Items from a data source:
***

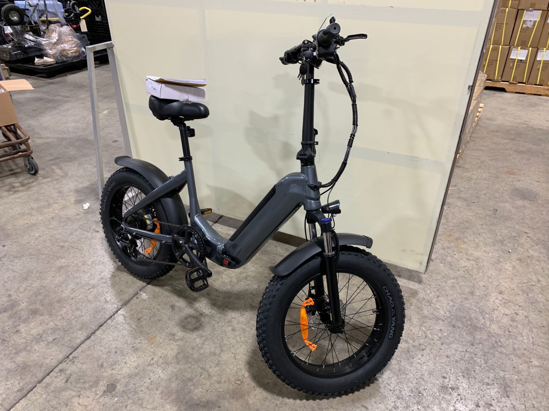 Y20 GREY ELECTRIC FOLDABLE E-BIKE WITH CHARGER - 75 KM RANGE, HYDRAULIC DISC BRAKES, 7 LEVELS, LCD DISPLAY, HEADLIGHT + TAILLIGHT MOTOR: 500W / 1000W MOTOR, 35 KMH MAX SPEED BATTERY: 48V TIRES: 4" X 20" *IN BOX*
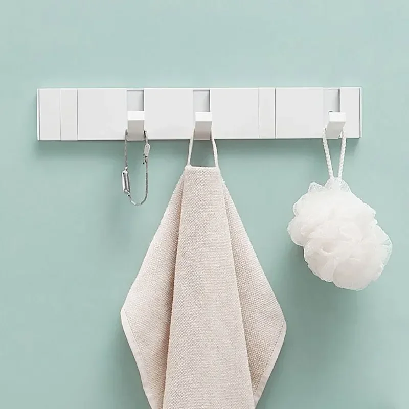 Perchero plegable de acero detrás de la puerta, ganchos, organizador de ropa multiusos, colgador de pared para baño, almacenamiento de llaves, toallero
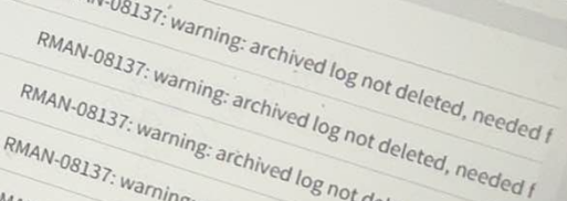 RMAN-08137: WARNING: archived log not deleted as it is still needed archived log file
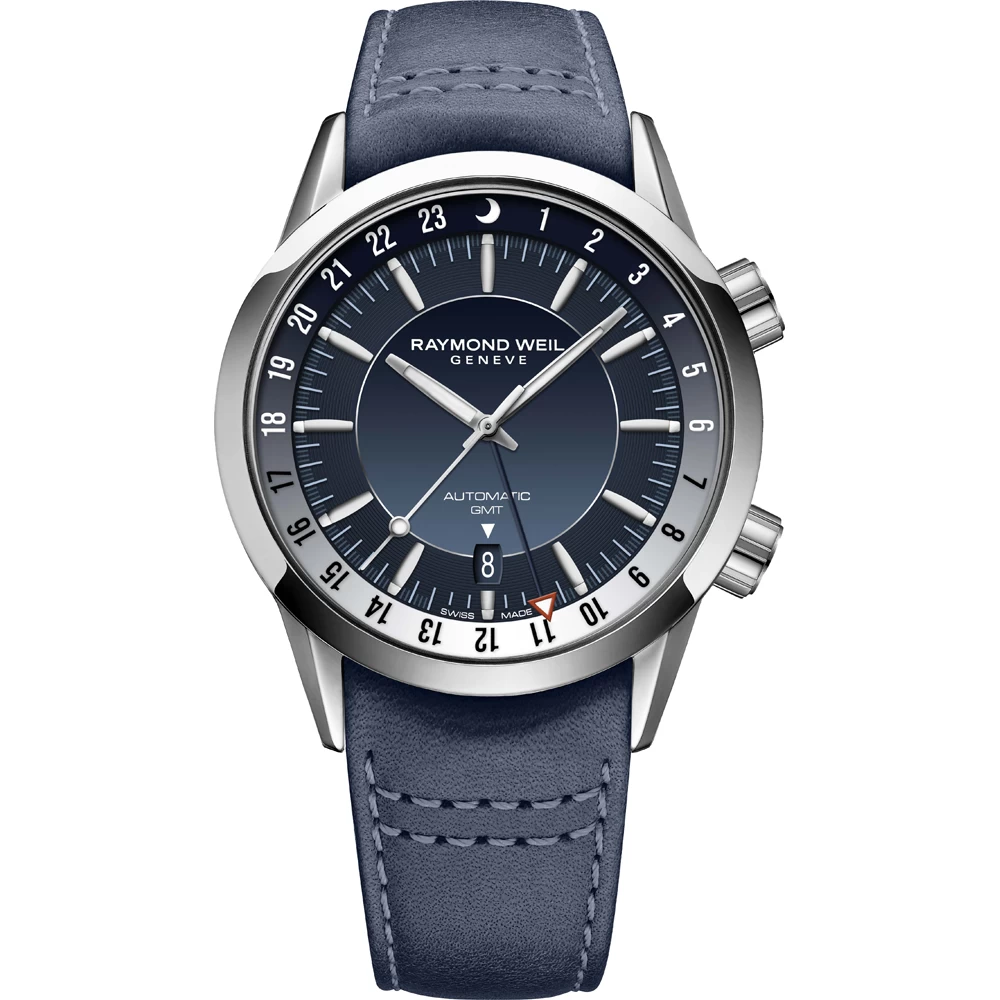 This Raymond Weil watch has a case made of stainless steel with a diameter of 40.5 mm and is fitted with a leather band. Inside the case lies a Sellita movement and the watch features a Sapphire crystal.
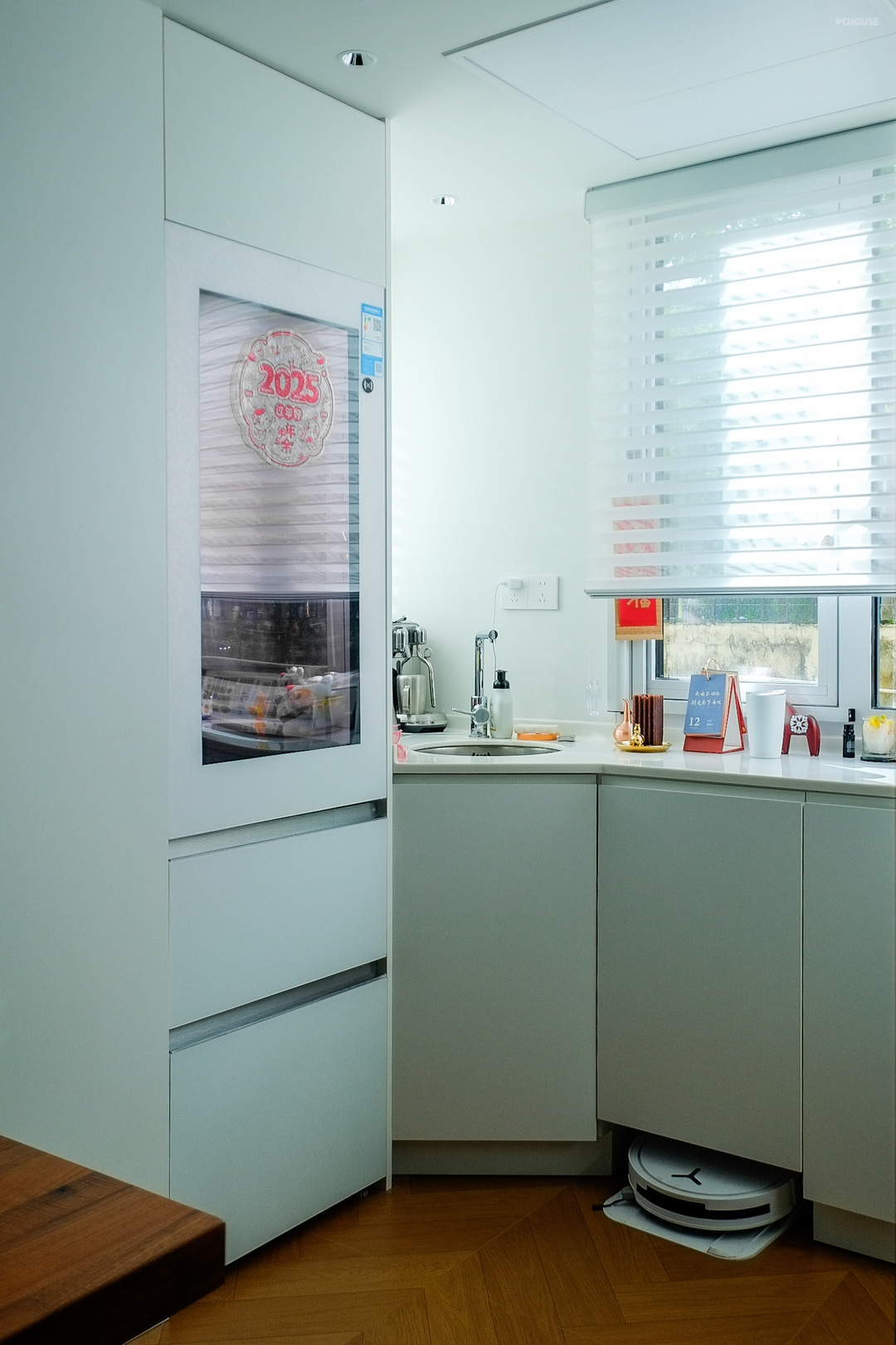 把柜子做成梯形,小小的水槽就能放置在角落,水池下面柜子的最深处,刚好可以放置地暖的分水器,不浪费可用空间。扫地机器人也安排上,这个位置打扫后返回清洁也是最短动线。
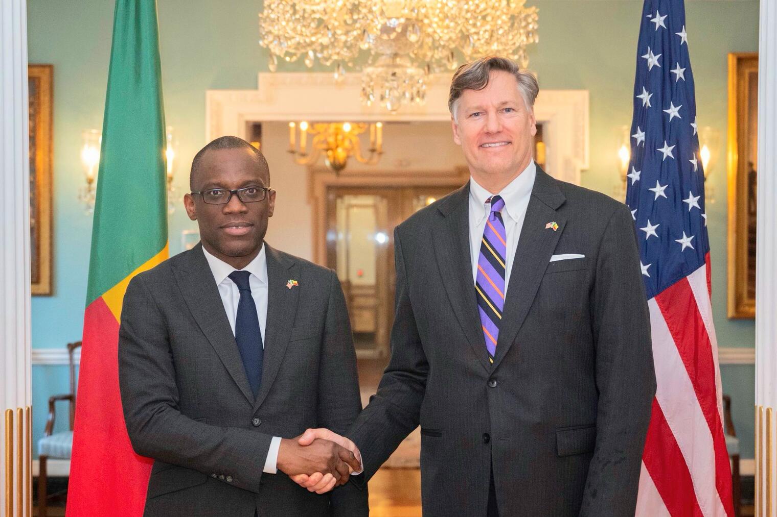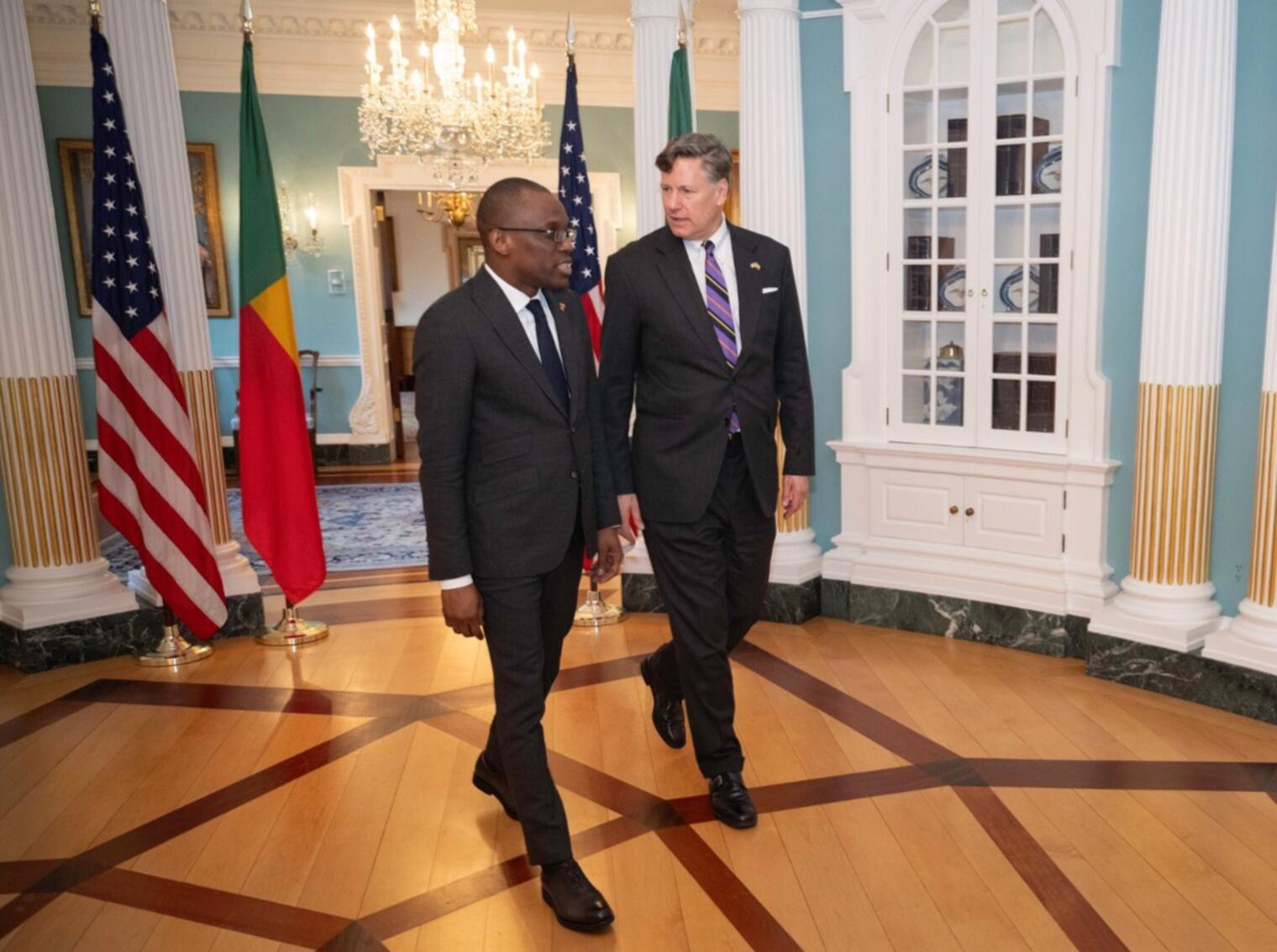 Le Ministre des Affaires étrangères, Monsieur Olushegun ADJADI BAKARI a d’abord été reçu par le Secrétaire d’État adjoint, Monsieur Christopher LANDAU. Les deux personnalités ont salué la qualité constante du dialogue politique entre le Bénin et les États-Unis, fondé sur la confiance mutuelle, le respect des institutions démocratiques et un engagement partagé en faveur de la stabilité régionale.

***

### Assignment
Treat the line with "This Raymond Weil" as the start and the line with "把柜子做成梯形,小小的水槽就" as the end, and return exactly that span of the data above, both ends included, without pictures.

### Result below
 This Raymond Weil watch has a case made of stainless steel with a diameter of 40.5 mm and is fitted with a leather band. Inside the case lies a Sellita movement and the watch features a Sapphire crystal.
 把柜子做成梯形,小小的水槽就能放置在角落,水池下面柜子的最深处,刚好可以放置地暖的分水器,不浪费可用空间。扫地机器人也安排上,这个位置打扫后返回清洁也是最短动线。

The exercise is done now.